In Iraq, ISIL's major conquest is being lost:
Speaking to AFP on Sunday, Staff Major General Maan al-Saadi of the elite Counter-Terrorism Service said "more than a third" of west Mosul was now under the control of security forces. ...
"The battle is not easy... we are fighting an irregular enemy who hides among the citizens and uses tactics of booby-trapping, explosions and suicide bombers, and the operation is taking place with precision to preserve the lives of the citizens," Brigadier General Yahya Rasool, the spokesman for the JOC, told AFP.
Still, he said, IS resistance "has begun to weaken in a big way".
Rasool appears to be speaking of ISIL resistance in a specific area rather than all of Mosul, but it seems like the comment does reflect the bigger picture.
Meanwhile on the Syria front, American-supported forces reinforced by American troops are nearing an assault on Raqqa:
Defence officials told the Washington Post that a Marine artillery unit had been deployed with large field guns that can fire 155mm shells about 32km (20 miles).
A coalition spokesman, Col John Dorrian, told Reuters news agency they would help "expedite the defeat" of IS in Raqqa.
These American forces are part of a temporary deployment not counted in our ceiling for troops levels. So the assault must be imminent. And as the article notes, we'd like to kill off the leadership in the battle to cripple ISIL's ability to adapt to loss of the caliphate.
Which means we will likely see the commitment of that reserve force we decided to put in place in Kuwait.
Remember in the initial 2001 Afghanistan campaign, we relied too much on local Afghan allies on the ground, which seems to have allowed Osama bin Laden and other leaders to escape the Battle of Tora Bora.
Another sign of an imminent battle is that ISIL has evacuated the families of their troops:
The Syrian Observatory for Human Rights said "300 families of foreign fighters of IS have left the city of Raqa since dawn Friday to take refuge in the province of Deir Ezzor to the east and Hama to the west".
Syria's dictator Assad is a latecomer to the battle against ISIL, having let others fight them while he slaughtered non-jihadi rebels in the west.
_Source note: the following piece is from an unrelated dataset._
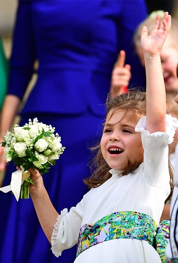 Ее Величество Елизавету II сложно не узнать (доказательства: «Как отличить Королеву: каблук 5 см, сумка Launer, яркое пальто и никаких брюк»). Сегодня британскую Королеву по праву считают одной из самых знаменитых женщин в мире, но, как известно, у маленьких детей всегда на все свой взгляд. Шестилетняя дочь певца Робби Уильямса, Теодора Роуз, была в тот день одной из девочек-цветочниц, сопровождавших принцессу Евгению. В компании малышей Тедди была единственной девочкой не голубых кровей, для которой, разумеется, весь пафос типичной британской королевской свадьбы был, мягко скажем, в новинку.

Now he is trying to get in on the act to exploit the American-led effort:
Assad said that "in theory" he still saw scope for cooperation with Trump, though practically nothing had happened in this regard. He dismissed the U.S.-backed military campaign against Islamic State in Syria as "only a few raids", and said a more comprehensive approach was needed. ...
Assad noted that the Russian-backed Syrian army was now "very close" to Raqqa city after advancing to the western banks of the Euphrates River this week - a rapid gain that has brought it to the frontier of areas held by the U.S.-backed forces.
He said Raqqa was "a priority for us", but indicated that there could also be a parallel army attack towards Deir al-Zor in the east, near the Iraqi border. Deir al-Zor province is almost completely controlled by Islamic State, also known as ISIS.
It is funny that ISIL is being defeated because of America with no help from Assad or his friends, yet he claims America has carried out "only a few raids." This fights nicely with recent Russian claims to have killed about 1,600 ISIL forces in a couple of air raids recently. So on paper Russia is prominent in that fight.
Note that at Deir al-Zor (Deir Ezzor) city Assad forces are under siege. I haven't heard of any recent ISIL efforts there, which at one point seemed like a target to create an alternate capital once Raqqa falls.
I suspect that Assad's forces poised west of Raqqa (which is likely mostly non-Syrian), notwithstanding his sudden "priority" of fighting ISIL, will hang back to let the American-supported forces bleed to take Raqqa--which has been the strategy all along--and then wait for the temporary flux of American troops to leave before sending in his forces to take Raqqa from the Syrian militias we back and then move on to Deir al-Zor province.
Assad is our enemy. Do we take that into account as the post-caliphate era we've striven to achieve looms?
UPDATE: Yes, the Iraq front morale problem appears to be Mosul-wide.
ISIL resistance in Mosul is faltering:
Islamic State fighters are in disarray and struggling to fend off a rapid offensive by Iraqi forces to recapture Mosul and expel the militants from their last major stronghold in the country, a top U.S. military official said.
"They’re lacking purpose motivation and direction,” Army Maj. Gen. Joseph Martin said in a phone interview from Baghdad. “I’ve never seen them so disorganized.”
There have been reports of ISIL leadership leaving Mosul. Yes, some left behind will fight to the death. But without leadership to direct the resistance, that willingness to die rather than trying to live to fight another day is a favor to the Iraqis who are more than willing to kill the jihadis.